### Task goal
Leaving out the pictures, return word for word the stretch of entries below from the line holding "Cinnamon brown sneakers" through the line holding "Gothic Blood Drip".
** Data listing follows **
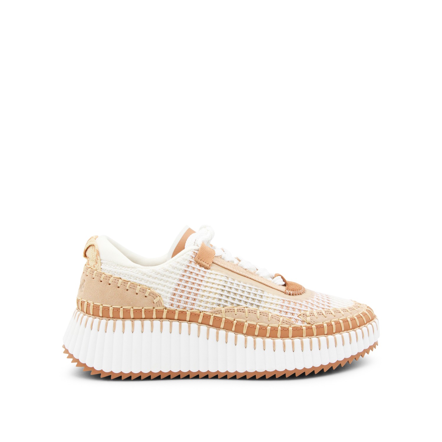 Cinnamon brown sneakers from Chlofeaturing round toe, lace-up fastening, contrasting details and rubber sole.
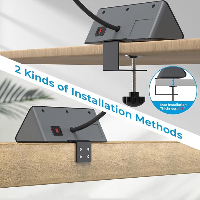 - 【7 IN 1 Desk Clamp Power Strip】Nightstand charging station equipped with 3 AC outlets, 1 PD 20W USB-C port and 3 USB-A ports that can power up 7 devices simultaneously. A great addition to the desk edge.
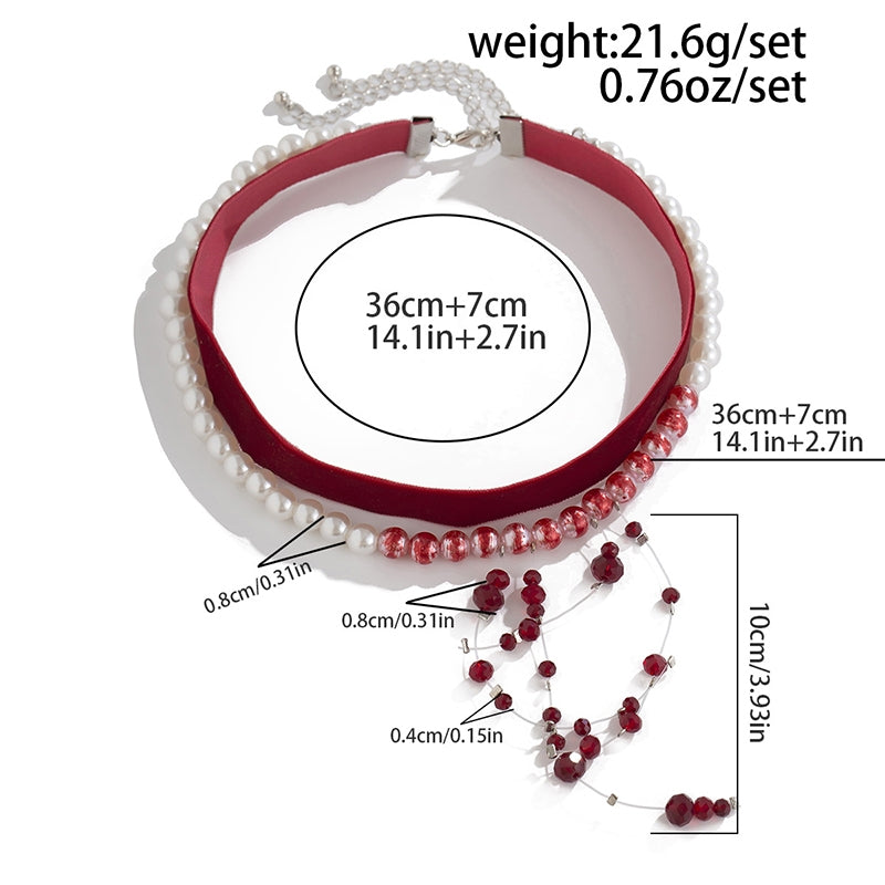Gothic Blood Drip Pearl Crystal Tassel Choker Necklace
** End of Data listing **
** Data listing follows **
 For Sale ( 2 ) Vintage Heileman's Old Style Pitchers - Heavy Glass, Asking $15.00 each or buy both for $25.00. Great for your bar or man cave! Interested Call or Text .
** End of Data listing **
### Your response
 Cinnamon brown sneakers from Chlofeaturing round toe, lace-up fastening, contrasting details and rubber sole.
 - 【7 IN 1 Desk Clamp Power Strip】Nightstand charging station equipped with 3 AC outlets, 1 PD 20W USB-C port and 3 USB-A ports that can power up 7 devices simultaneously. A great addition to the desk edge.
Gothic Blood Drip Pearl Crystal Tassel Choker Necklace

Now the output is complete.